Oh Dear Apple

Actually that quote from Apple is disturbing, as Safari does not query if it's a file or a program, at least not on the version I'm running on XP here (3.1). IE 7 and Firefox 2 both prompt me before downloading anything, whereas Safari just starts downloading without any warning at all. Is that the same for Mac users?
 
OK user interaction (as has been shown by the competition) is the key to getting control, but if you also realise Safari is the ONLY browser without phishing protection then IMO it's clearly the easiest target for phishing scams/remote browser exploits if there were enough people using it. Currently it's security through obscurity, and i'm on a Mac... using Safari... and can clearly admit that!

There was also an article recently that shows infact Apple are quite rubbish in patching security holes, whereas Microsoft have good relationships with the security community and get their patches out way quicker.

As also with Apple, some people will defend the company to the point they'll hack a security guys blog because he's had the shocking behaviour of detailing a security vulnerability in Mac OS X. Just ignore them, as they clearly are blinded.
 
Funnily enough, on this topic... I was in an Apple store a year or so ago and the guy there was trying his best to sell me one.

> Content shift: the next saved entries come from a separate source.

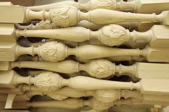 Твердые лиственные породы — дуб, бук, ясень — премиальный выбор для ответственных элементов. Плотность 600-800 кг/м³ и высокая твердость обеспечивают исключительную износостойкость. Выразительная текстура делает их идеальными для элементов без покраски.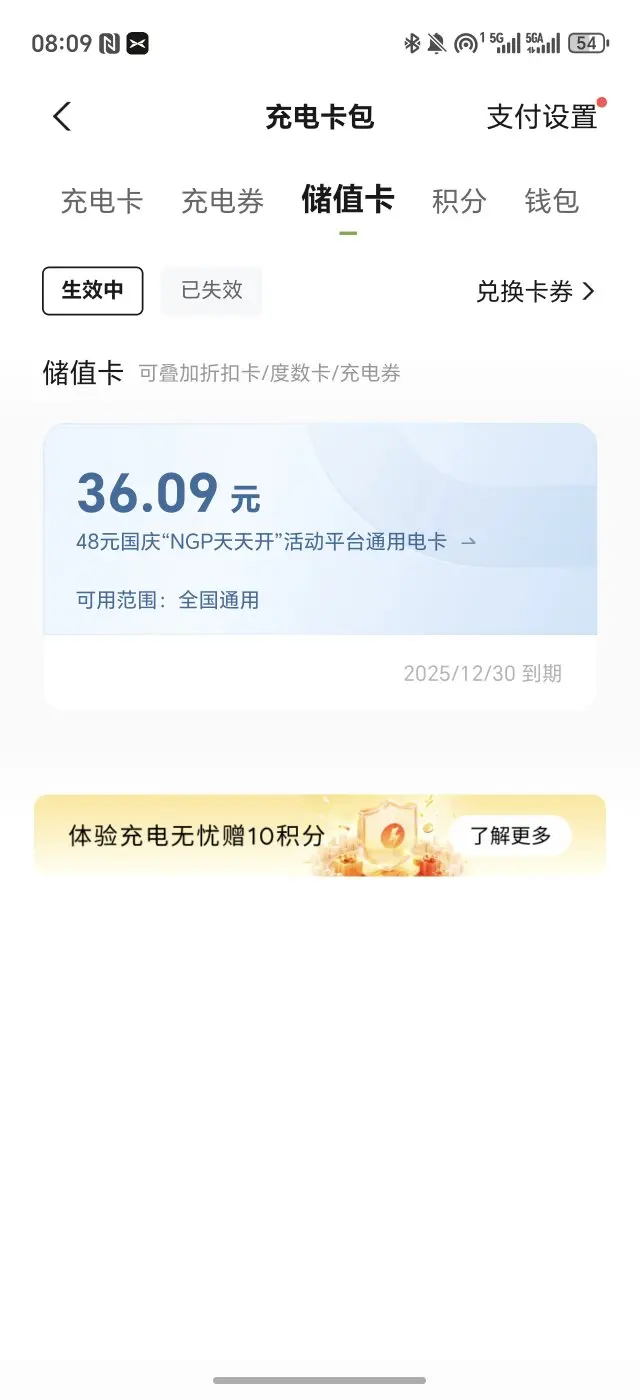 节前我参与了“NGP天天开”活动,通过开5天NGP,轻松领取了一张48元平台通用电卡,另外还赠送了4元无门槛服务费优惠券。这套组合优惠非常实用,不仅能在小鹏自营站使用,还支持全国几千座高速公路及附近的指定第三方充电站,覆盖范围广,彻底解决了我的里程焦虑,可以抵扣充电费用、服务费、占位费和充电无忧费用。
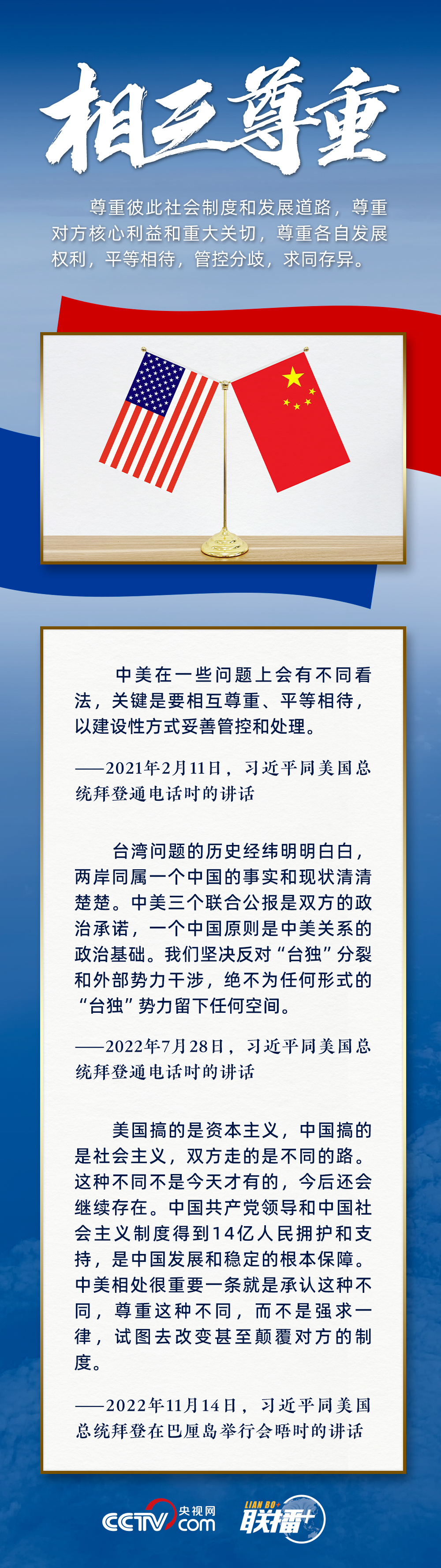 習主席提出新時期中美相處應該堅持的三點原則中,第一個原則就是“相互尊重”。中美歷史和文化差異巨大,在價值觀和社會制度上存在不少分歧。所謂相互尊重,就是要尊重彼此的差異,接受這個世界的多元性。
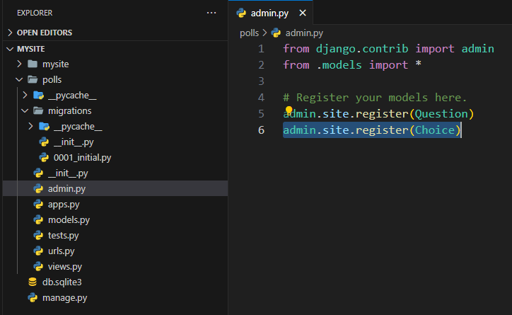 polls 디렉토리에는 polls 앱 생성시 같이 자동생성 되었던 admin.py파일이 존재합니다.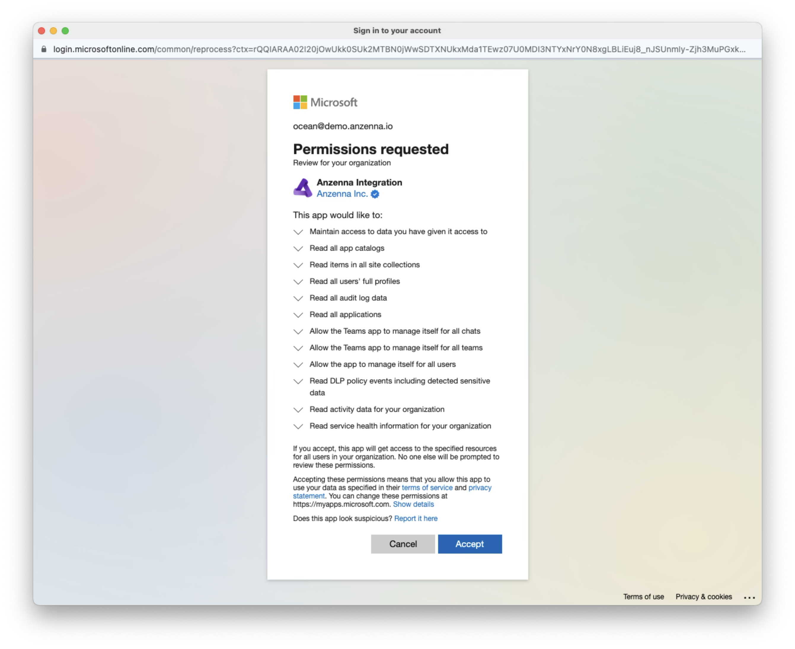 You are all set! Anzenna is now fully connected to Microsoft 365 with the capabilities you have configured.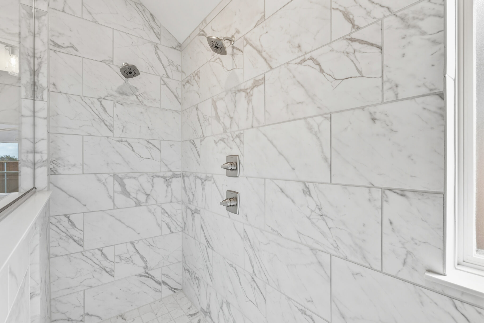 At 2007 Brackett Pond Road, the design brings together soft grays and natural warmth. The main living spaces are styled with light vinyl flooring and coordinating neutral carpet. The kitchen includes a light stone-inspired countertop, paired with a clean, bright backsplash and modern Pebble-painted cabinets accented with sleek hardware. The primary bathroom features a subtle veined surface, while marble-style shower tile adds sophistication. The secondary bathroom continues with airy stone finishes. A balanced paint scheme unifies this contemporary, serene design.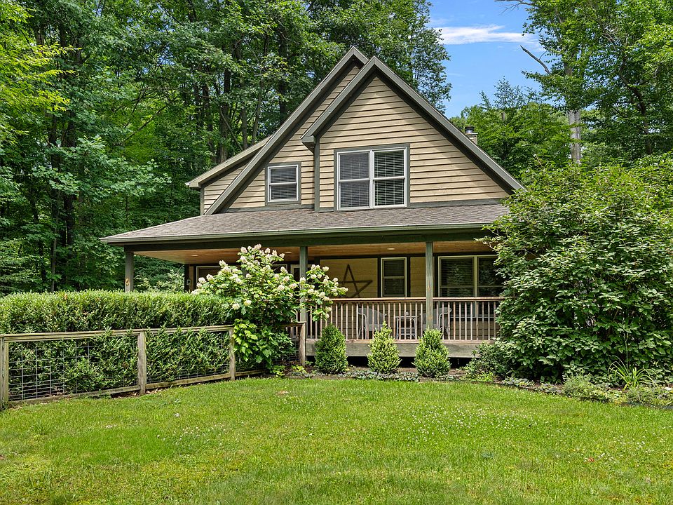 This FULLY FURNISHED home is set on 1 acres of woodland beauty! Relax in the spacious open-design LR-DR-Kitchen, taking in the cathedral ceilings, majestic fireplace, and fabulous views. Or catch a movie on a flat-screen TV. Gorgeous bedrooms and chic bathrooms add elegance to the mix, and with 2 screened porches (1 overlooking a ravine), a huge fenced yard, a large deck, and a gas grill, the Great Outdoors is yours! Near beaches and amenities galore.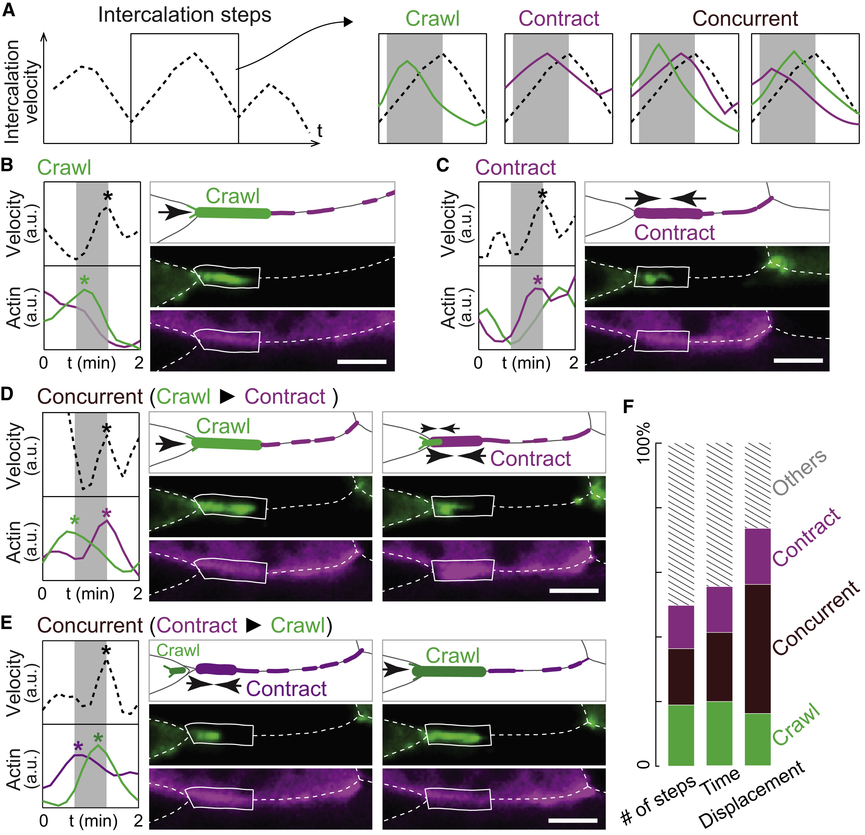 Figure 2. Direct quantification of crawling- and contraction-based cell intercalation during convergent extension (A) Method for intercalation step analysis. Left, intercalation steps were identified as individual peaks on the trace of intercalation velocity. Right, each step is categorized based on its correlation with peaks in the crawling and/or contraction signals (green and purple, respectively). Gray boxes mark the 40-s time window for correlational analysis. (BâE) Examples of crawling-only (B), contraction-only (C), and concurrent intercalation steps (D and E). Each shows traces of intercalation velocity and actin dynamics (left), a schematic (top-right), and still frames (bottom-right) from time-lapse data. Asterisks mark the correlated peaks of velocity, crawling, and/or contraction. (F) Stack plots showing in percentile the number of steps, accumulative time of each step, and total displacement of cell intercalation for each category as indicated. Intercalation steps having no correlation with crawling or tCR contraction were labeled as âOthers.â |

He was opening multiple windows at once, running the 3D stuff (Expose is it?) and playing a movie. Very nice, I told him, but my Linux box already does all that and more, without the £1,000+ price tag. What can I actually DO with it?

He started telling me how Macs were immune to everything known to man, and laughed at me when I wondered out loud whether it was so good I'd relegate my Linux/XP dual boot PC to being a stand-alone firewall/router. He thought that was quite funny. Didn't I KNOW that Macs don't need firewalls? :rolleyes:

Yes they have a Unix (or more appropriately, BSD) based kernel, and look flashy etc, and I have no doubt they're quite easy to use. I'd happily use one and would even be tempted to buy a mini as a small home server if they weren't so damned expensive. I mean, it was nearly £500 to add 2GB of ram when I last looked LOL

Anyway I'm getting off topic - I certainly don't mean this as an anti-Mac post. Like I said I'd have no problems owning one and am used to working with Linux/BSD anyway.

I was just reminded of the cavalier attitude of the sales staff when I read this. One certainly has to wonder how many people have left that (and other?) Apple stores with their purchase in-hand, and never given a second thought to security because they thought they were "safe"?
 
I mean, it was nearly £500 to add 2GB of ram when I last looked LOL

When was that? 1995?

I was just reminded of the cavalier attitude of the sales staff when I read this. One certainly has to wonder how many people have left that (and other?) Apple stores with their purchase in-hand, and never given a second thought to security because they thought they were "safe"?

But that's just retail isn't. You get the same attitude in places we probably can't mention on here. Shops trying to sensationalize their products is standard practice and you can't help but come across staff with poor knowledge/experience in these environments.

IE: How many people have left Currys thinking that Norton 360 is all they need? Many users have walked out of places like that not even realising they have to activate their AV software to start protection. At least with Apple they appreciate that users need guidance even after they walk out of the store.
 
Last edited:
1995? No, the end of last year - so a couple of months ago ;) Yes I agree with the retail mentality statement, but the point I was making is Apple hype themselves up to be the answer to everything. They espouse that the staff in store aren't sales clerks on commission, but real 'geeks' who can help you find what's right for you. Last time I checked Curry's was just shifting numbers. I wouldn't expect "Gary" on the shop floor to know everything about every TV, hifi, sat nav and PC in the place. But when I go into a specialised (Apple) store, which sells only their OWN hardware and their OWN software, I don't expect to be blatantly lied to ;)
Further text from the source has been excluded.